Krishna Regmi and Ali Borji. “Cross-View Image Synthesis Using Geometry-Guided Conditional GANs.” Computer Vision and Image Understanding (CVIU), 2019. [BibTeX]

Krishna Regmi and Ali Borji. “Cross-View Image Synthesis Using Conditional GANs.” Proceedings of the IEEE Conference on Computer Vision and Pattern Recognition (CVPR 2018), Salt Lake City, UT, June 18-22, 2018. [BibTeX]


  • The first work to synthesize outdoor natural scene images between aerial and street view, conditioned on images in one view.
  • Exploit semantic segmentation maps of target view images to regularize the training; they are not required during testing.
  • Using homography as a preprocessing step to guide conditional GANs significantly helps cross-view synthesis tasks (CVIU version).
  • Our extensive experiments with various methods provide significant analysis of the cross-view synthesis approaches.

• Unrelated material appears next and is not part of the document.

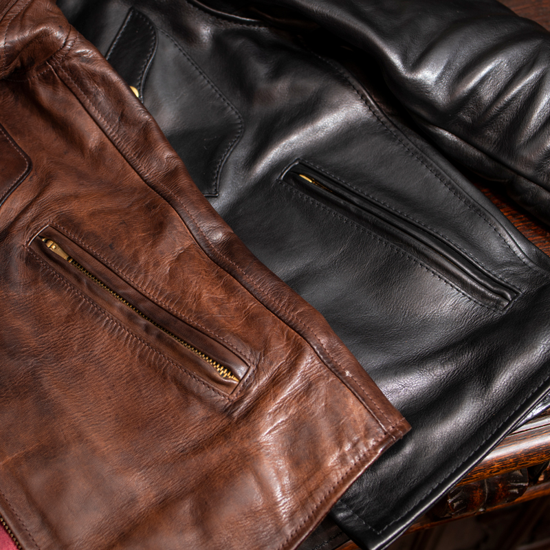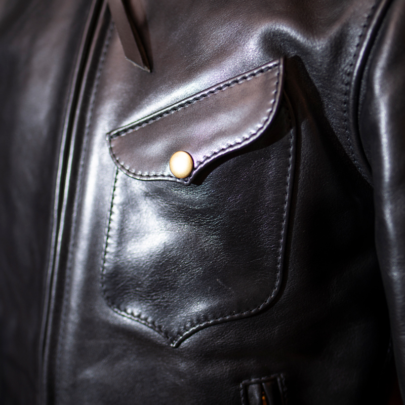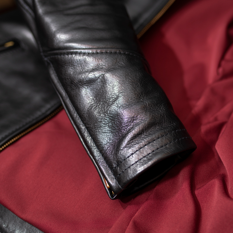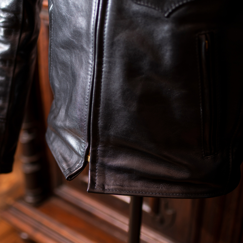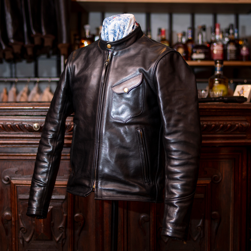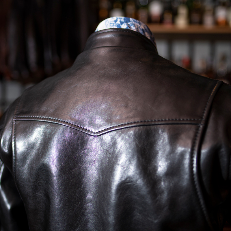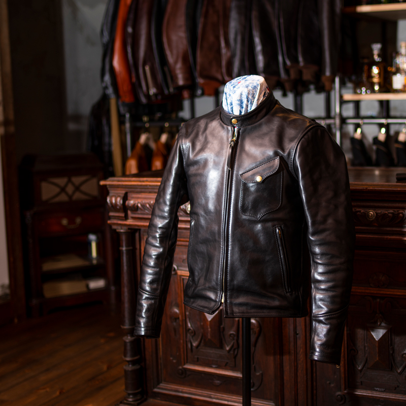 スタンドカラーシングルライダースとして、非常にバランスの良いシルエットとなっている。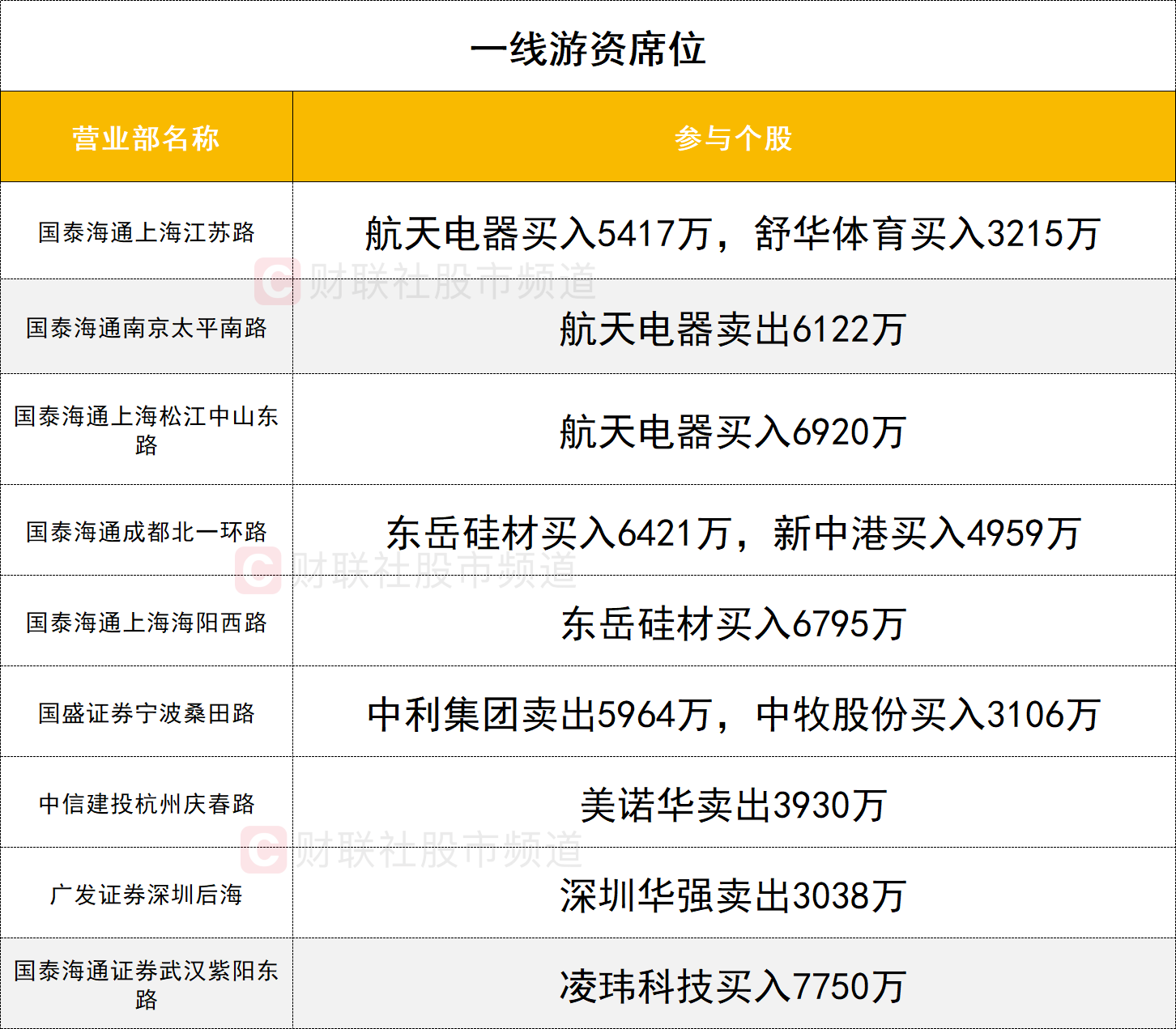 一线游资活跃度有所降低,航天电器获两家游资(国泰海通证券上海中山东路、国泰海通证券上海江苏路)合计买入1.23亿。

Learning to generate natural scenes has always been a challenging task in computer vision. It is even more painstaking when the generation is conditioned on images with drastically different views. This is mainly because understanding, corresponding, and transforming appearance and semantic information across the views is not trivial. In this paper, we attempt to solve the novel problem of cross-view image synthesis, aerial to street-view and vice versa, using conditional generative adversarial networks (cGAN). Two new architectures called Crossview Fork (XFork) and Crossview Sequential (X-Seq) are proposed to generate scenes with resolutions of 64×64 and 256×256 pixels. X-Fork architecture has a single discriminator and a single generator. The generator hallucinates both the image and its semantic segmentation in the target view. X-Seq architecture utilizes two cGANs. The first one generates the target image which is subsequently fed to the second cGAN for generating its corresponding semantic segmentation map. The feedback from the second cGAN helps the first cGAN generate sharper images. Both of our proposed architectures learn to generate natural images as well as their semantic segmentation maps. The proposed methods show that they are able to capture and maintain the true semantics of objects in source and target views better than the traditional image-to-image translation method which considers only the visual appearance of the scene. Extensive qualitative and quantitative evaluations support the effectiveness of our frameworks, compared to two state of the art methods, for natural scene generation across drastically different views.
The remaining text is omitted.